[Stored data entries]

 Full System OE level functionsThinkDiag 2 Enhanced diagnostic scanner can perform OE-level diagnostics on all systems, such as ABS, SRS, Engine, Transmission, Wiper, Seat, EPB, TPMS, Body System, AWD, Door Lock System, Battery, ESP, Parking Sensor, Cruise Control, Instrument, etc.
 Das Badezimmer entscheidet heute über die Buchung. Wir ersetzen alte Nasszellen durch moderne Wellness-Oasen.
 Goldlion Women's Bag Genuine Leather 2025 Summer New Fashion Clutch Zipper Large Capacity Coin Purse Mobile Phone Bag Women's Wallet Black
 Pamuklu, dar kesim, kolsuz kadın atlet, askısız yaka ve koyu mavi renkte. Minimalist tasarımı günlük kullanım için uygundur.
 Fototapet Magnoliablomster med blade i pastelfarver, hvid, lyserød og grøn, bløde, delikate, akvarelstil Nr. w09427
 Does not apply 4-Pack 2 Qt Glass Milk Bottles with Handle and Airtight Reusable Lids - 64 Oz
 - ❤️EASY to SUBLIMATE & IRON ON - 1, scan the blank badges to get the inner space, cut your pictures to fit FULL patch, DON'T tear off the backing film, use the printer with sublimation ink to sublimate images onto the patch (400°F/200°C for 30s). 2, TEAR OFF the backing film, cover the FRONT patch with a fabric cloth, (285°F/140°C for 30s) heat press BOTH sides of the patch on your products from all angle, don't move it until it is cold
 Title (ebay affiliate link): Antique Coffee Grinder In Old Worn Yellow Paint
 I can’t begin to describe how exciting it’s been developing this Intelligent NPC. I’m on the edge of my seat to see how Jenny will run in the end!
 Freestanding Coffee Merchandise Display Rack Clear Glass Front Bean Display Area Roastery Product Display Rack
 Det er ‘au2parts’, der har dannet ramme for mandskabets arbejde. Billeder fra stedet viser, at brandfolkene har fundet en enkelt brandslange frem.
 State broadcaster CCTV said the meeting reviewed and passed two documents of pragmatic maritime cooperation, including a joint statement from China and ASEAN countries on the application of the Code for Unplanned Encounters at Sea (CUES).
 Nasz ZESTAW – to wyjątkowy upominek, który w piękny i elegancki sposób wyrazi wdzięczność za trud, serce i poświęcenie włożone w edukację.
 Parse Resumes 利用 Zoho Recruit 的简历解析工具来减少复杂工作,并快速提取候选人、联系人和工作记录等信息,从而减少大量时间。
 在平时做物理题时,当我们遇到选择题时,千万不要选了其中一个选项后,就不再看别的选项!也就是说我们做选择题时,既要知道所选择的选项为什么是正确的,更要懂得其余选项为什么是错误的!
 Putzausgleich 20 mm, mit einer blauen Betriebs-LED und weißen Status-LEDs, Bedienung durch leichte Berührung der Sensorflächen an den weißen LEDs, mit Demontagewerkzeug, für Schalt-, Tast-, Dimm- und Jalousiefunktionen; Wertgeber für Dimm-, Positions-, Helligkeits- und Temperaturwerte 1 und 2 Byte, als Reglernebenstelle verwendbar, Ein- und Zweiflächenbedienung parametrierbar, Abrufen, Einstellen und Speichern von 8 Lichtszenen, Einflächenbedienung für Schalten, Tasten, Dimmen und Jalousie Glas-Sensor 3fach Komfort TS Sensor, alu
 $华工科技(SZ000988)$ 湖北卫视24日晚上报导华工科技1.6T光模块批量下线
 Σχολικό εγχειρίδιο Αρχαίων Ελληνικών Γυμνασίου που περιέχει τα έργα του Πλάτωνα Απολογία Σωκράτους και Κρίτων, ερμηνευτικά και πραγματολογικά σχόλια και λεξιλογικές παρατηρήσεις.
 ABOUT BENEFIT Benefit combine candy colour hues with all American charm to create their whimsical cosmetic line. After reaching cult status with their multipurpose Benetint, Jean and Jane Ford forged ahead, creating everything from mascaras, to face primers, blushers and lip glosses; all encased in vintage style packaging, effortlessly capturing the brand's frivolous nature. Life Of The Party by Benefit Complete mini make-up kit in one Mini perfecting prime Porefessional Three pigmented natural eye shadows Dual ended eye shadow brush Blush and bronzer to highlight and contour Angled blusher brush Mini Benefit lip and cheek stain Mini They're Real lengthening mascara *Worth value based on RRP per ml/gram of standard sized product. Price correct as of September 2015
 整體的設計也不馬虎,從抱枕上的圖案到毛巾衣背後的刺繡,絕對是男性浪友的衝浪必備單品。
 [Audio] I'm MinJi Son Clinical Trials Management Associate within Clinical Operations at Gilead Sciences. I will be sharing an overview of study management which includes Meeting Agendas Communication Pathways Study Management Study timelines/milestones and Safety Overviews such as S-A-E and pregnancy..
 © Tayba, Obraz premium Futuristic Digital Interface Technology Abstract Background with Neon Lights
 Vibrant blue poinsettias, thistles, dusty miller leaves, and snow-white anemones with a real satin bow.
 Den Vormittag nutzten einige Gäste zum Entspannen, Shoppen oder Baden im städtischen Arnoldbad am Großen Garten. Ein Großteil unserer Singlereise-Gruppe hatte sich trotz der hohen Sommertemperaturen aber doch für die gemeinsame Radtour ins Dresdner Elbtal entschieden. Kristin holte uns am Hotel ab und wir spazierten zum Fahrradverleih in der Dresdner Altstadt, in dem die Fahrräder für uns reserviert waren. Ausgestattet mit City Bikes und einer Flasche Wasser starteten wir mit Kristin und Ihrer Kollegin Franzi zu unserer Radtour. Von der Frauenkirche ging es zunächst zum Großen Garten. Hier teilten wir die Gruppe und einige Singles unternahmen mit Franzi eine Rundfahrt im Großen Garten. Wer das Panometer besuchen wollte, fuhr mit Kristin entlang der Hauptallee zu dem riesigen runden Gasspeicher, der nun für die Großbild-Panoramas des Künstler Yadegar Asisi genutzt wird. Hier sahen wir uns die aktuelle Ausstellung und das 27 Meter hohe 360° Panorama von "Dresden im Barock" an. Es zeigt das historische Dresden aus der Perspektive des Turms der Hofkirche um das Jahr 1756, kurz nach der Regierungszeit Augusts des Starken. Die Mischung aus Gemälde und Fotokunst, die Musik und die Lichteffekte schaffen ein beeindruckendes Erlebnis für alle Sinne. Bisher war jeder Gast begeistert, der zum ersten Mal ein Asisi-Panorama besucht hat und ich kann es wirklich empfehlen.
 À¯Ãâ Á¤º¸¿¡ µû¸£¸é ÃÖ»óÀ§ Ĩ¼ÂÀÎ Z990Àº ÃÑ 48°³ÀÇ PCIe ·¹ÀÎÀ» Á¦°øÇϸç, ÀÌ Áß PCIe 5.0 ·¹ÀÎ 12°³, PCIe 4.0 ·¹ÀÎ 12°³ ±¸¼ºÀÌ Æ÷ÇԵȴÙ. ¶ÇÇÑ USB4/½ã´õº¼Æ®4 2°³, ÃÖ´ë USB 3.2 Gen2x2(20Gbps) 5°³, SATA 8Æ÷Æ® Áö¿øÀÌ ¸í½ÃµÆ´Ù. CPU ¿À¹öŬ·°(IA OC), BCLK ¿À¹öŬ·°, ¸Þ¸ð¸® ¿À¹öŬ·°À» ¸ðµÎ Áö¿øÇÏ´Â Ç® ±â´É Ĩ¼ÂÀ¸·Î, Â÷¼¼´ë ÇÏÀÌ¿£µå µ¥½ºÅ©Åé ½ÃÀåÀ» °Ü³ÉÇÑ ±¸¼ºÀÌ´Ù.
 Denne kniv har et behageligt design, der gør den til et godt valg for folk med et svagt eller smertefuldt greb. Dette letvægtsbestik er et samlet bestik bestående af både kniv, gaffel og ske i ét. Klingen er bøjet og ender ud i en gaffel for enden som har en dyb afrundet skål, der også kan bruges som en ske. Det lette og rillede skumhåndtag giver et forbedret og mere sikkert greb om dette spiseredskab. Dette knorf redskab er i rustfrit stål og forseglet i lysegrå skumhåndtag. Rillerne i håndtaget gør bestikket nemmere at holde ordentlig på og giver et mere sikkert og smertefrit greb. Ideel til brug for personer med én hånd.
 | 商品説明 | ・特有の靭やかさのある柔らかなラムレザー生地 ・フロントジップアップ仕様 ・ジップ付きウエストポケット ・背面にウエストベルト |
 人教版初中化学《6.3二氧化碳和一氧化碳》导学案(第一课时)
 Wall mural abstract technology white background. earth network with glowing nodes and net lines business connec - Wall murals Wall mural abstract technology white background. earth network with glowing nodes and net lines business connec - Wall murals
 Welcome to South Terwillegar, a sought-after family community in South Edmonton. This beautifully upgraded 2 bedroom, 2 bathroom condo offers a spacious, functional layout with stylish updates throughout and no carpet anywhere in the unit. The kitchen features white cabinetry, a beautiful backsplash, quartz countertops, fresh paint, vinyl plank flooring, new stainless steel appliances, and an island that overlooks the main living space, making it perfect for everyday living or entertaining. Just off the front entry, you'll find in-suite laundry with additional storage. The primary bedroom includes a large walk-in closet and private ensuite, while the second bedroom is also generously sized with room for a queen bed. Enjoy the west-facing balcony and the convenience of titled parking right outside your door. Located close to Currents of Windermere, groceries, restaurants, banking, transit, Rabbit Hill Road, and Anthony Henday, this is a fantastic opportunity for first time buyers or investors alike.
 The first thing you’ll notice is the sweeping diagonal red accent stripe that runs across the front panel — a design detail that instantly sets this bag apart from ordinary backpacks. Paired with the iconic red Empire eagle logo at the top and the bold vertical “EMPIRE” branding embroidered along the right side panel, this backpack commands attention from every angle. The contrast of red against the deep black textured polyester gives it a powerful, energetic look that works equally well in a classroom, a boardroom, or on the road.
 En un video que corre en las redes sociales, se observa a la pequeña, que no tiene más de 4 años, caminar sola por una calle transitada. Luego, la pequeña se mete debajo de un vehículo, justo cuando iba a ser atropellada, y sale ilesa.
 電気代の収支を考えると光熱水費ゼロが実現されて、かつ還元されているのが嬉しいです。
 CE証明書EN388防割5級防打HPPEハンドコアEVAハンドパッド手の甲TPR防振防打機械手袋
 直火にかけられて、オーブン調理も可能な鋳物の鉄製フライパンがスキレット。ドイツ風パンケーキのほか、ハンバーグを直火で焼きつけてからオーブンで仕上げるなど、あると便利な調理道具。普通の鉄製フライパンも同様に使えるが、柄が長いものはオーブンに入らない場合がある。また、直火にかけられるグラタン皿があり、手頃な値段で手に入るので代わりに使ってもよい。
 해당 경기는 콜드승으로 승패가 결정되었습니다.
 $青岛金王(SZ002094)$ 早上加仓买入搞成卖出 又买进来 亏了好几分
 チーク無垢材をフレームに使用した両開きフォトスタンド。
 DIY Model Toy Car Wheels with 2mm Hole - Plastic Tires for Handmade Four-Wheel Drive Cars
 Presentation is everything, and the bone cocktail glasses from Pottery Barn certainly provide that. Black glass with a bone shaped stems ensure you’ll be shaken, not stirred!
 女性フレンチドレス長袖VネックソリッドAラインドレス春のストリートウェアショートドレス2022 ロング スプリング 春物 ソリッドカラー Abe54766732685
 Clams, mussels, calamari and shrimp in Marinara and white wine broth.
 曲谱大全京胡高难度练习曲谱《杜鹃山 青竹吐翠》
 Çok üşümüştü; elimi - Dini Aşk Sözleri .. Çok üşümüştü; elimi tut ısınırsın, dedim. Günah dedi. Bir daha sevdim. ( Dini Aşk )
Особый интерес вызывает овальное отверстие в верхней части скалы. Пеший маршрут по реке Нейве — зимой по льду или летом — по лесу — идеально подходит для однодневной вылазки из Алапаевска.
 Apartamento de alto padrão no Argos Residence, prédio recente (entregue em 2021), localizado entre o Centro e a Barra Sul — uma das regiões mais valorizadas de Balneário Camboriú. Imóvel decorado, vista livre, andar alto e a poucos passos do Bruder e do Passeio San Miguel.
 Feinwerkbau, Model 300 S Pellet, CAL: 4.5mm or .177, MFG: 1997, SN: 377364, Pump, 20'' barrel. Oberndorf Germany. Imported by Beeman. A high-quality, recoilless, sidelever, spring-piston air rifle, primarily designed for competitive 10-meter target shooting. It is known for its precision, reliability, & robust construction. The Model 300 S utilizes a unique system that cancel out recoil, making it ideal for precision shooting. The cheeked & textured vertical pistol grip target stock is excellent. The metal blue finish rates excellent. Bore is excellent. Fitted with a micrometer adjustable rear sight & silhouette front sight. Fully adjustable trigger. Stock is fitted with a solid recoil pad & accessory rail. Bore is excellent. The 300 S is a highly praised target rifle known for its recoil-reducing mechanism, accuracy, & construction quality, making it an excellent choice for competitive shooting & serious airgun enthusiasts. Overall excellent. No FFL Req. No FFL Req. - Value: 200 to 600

Exercise instructions
Determine how many lines above hold the word "Coffee", then give only that number.

Task output
2